__Given data__.
**********

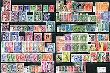 British Commonwealth - Do you like "Classics" that come with chaos, yet shouldn’t take too much effort to re-establish order? If so, this British Colonial lot on 18 black stockpages is for you. In order of appearance: Trinidad, 1935 Silver Jubilee (16 sets, Hong Kong used, rest are mint), British Bechuanaland overprints, Antigua, Bahamas, St. Kitts & Nevis, Victoria (Australia State), plus a range of mostly Caribbean and Pacific Islands. Huge upside potential here, but expect some mixed condition and duplication. Estimate =
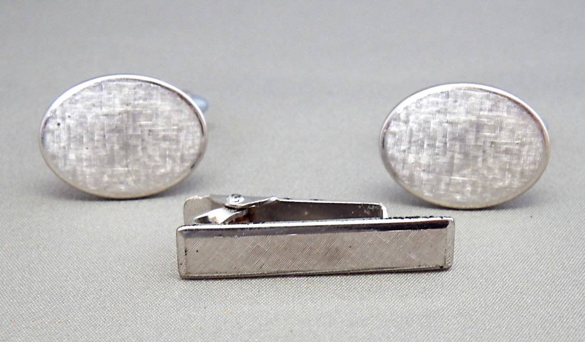 - EU-9244■KREMENTZ クレメンツ カフス&タイバーセット アメリカ カフリンクス シルバーカラー 中古
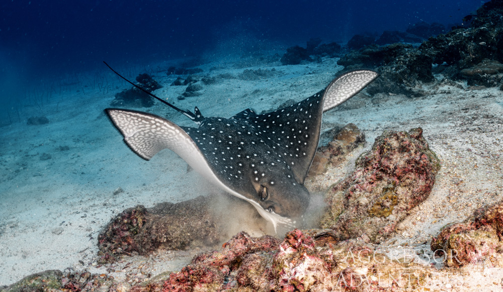 Dove from Chatham Bay, southeast of Manuelita, this site provides a variety of marine life including Frog Fish, lobsters, morays, rays, white tip sharks and hammerheads. There is even a cleaning station.

**********

__Problem statement__. When you write out the material above, keep every line exact and drop each picture.

__Task output__.
 British Commonwealth - Do you like "Classics" that come with chaos, yet shouldn’t take too much effort to re-establish order? If so, this British Colonial lot on 18 black stockpages is for you. In order of appearance: Trinidad, 1935 Silver Jubilee (16 sets, Hong Kong used, rest are mint), British Bechuanaland overprints, Antigua, Bahamas, St. Kitts & Nevis, Victoria (Australia State), plus a range of mostly Caribbean and Pacific Islands. Huge upside potential here, but expect some mixed condition and duplication. Estimate =
 - EU-9244■KREMENTZ クレメンツ カフス&タイバーセット アメリカ カフリンクス シルバーカラー 中古
 Dove from Chatham Bay, southeast of Manuelita, this site provides a variety of marine life including Frog Fish, lobsters, morays, rays, white tip sharks and hammerheads. There is even a cleaning station.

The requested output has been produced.